What is the role of our Christian spirituality in all of this? As mentioned earlier, prayer is an important factor. Beyond this, our Christian teachings call us away from these individual fears and personal "rights" toward doing what is best for the common good. Masks, social-distancing, avoiding unnecessary assembly, and getting vaccines are the "Christian" things to do! Also, we may call upon our spiritual disciplines to give us strength and comfort to get through it, along with our families, and to draw on our "better angels" to think about others and how they may be impacted by our negative actions. Love in action is the best spiritual "vaccine" for what is tearing us apart right now.

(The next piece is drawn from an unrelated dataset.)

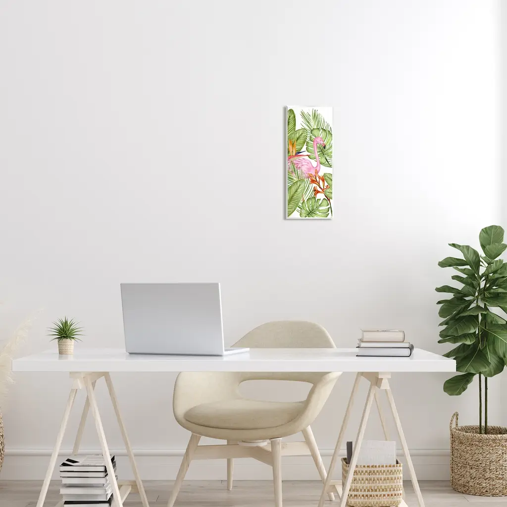 Our wall plaques start as high-quality lithograph prints mounted on durable 0.5-inch thick MDF wood. Each piece is hand finished and comes with a fresh layer of white foil on the sides to give it a crisp, clean look. Plaques arrive ready to hang without installation and come with removable plastic corners to keep them from damage in transit. Stupell Wall Art is made in the USA.Features: Dimensions: 7 x 0.5 x 17 InchesWall Art is Ready to Hang with Hardware Free Hanging. No installation required. For Easy Set Up Lean or Layer Artwork on Shelf or Against Wall.All of our wall plaques start off as high quality lithograph prints that are then mounted on durable 0.5 inch thick MDF wood. Each piece is hand finished and comes with a fresh layer of foil on the sides to give it a crisp clean look. Made In USA.Artwork Relates To: Plant, Animal, Bird, Flamingo, Leaf, Jungle, Nature, TropicalDesign by Kim Allen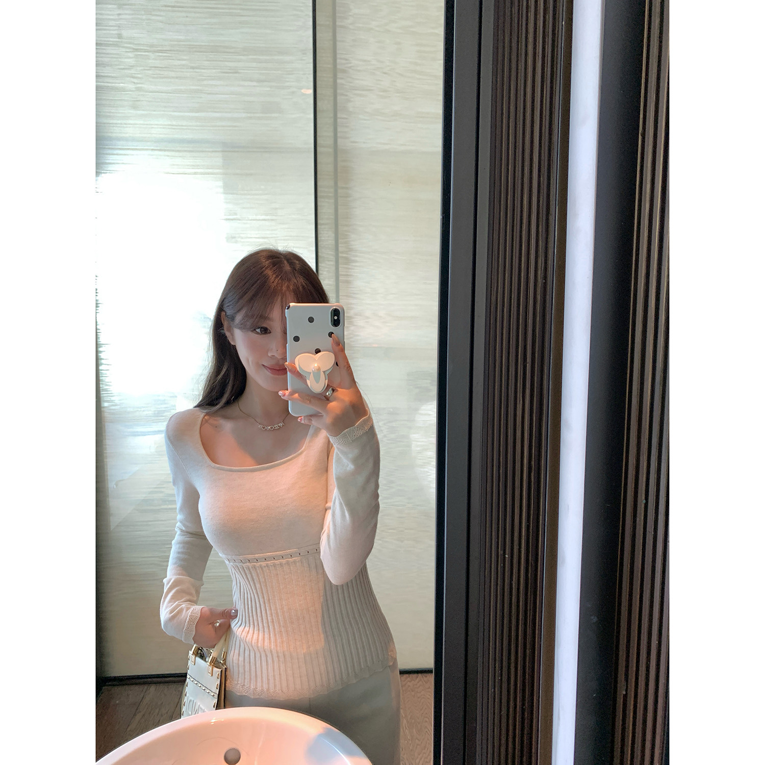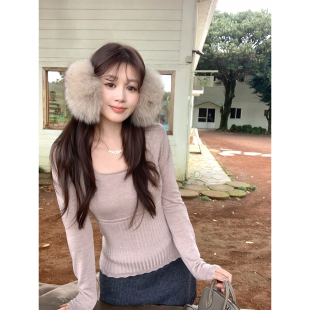 打底衫 海盐可露丽30羊毛方领设计感收腰秋冬针织长袖 新品 AHY

[ASIDE: As I was writing this, I happened across the ending of the old film, "Oh God!" with the late superstars, George Burns and John Denver. For those too young to have seen the movie, God appears as an old man in a fishing hat and flannel shirt (Burns) with the message that God cares for all of us, and that we should care for each other. Denver plays "Jerry," who, like a modern prophet, is called by God to deliver this message. We should all hear this message today, in the midst of this pandemic. God does care about all of us, and we should care for each other!  God has this word for Jerry toward the end of the film: "I gave a message of encouragement, you passed it, and now we'll see!"]

One more thing: We should stop trying to crucify one another over the political differences. Right now, the way they are ginned up may be a symptom of COVID-19. That reminds me of another Star Trek episode...maybe later. 

May today be a day of peace for you and your family. And may it be one more day toward an end to this awful pandemic for all of us. Shalom.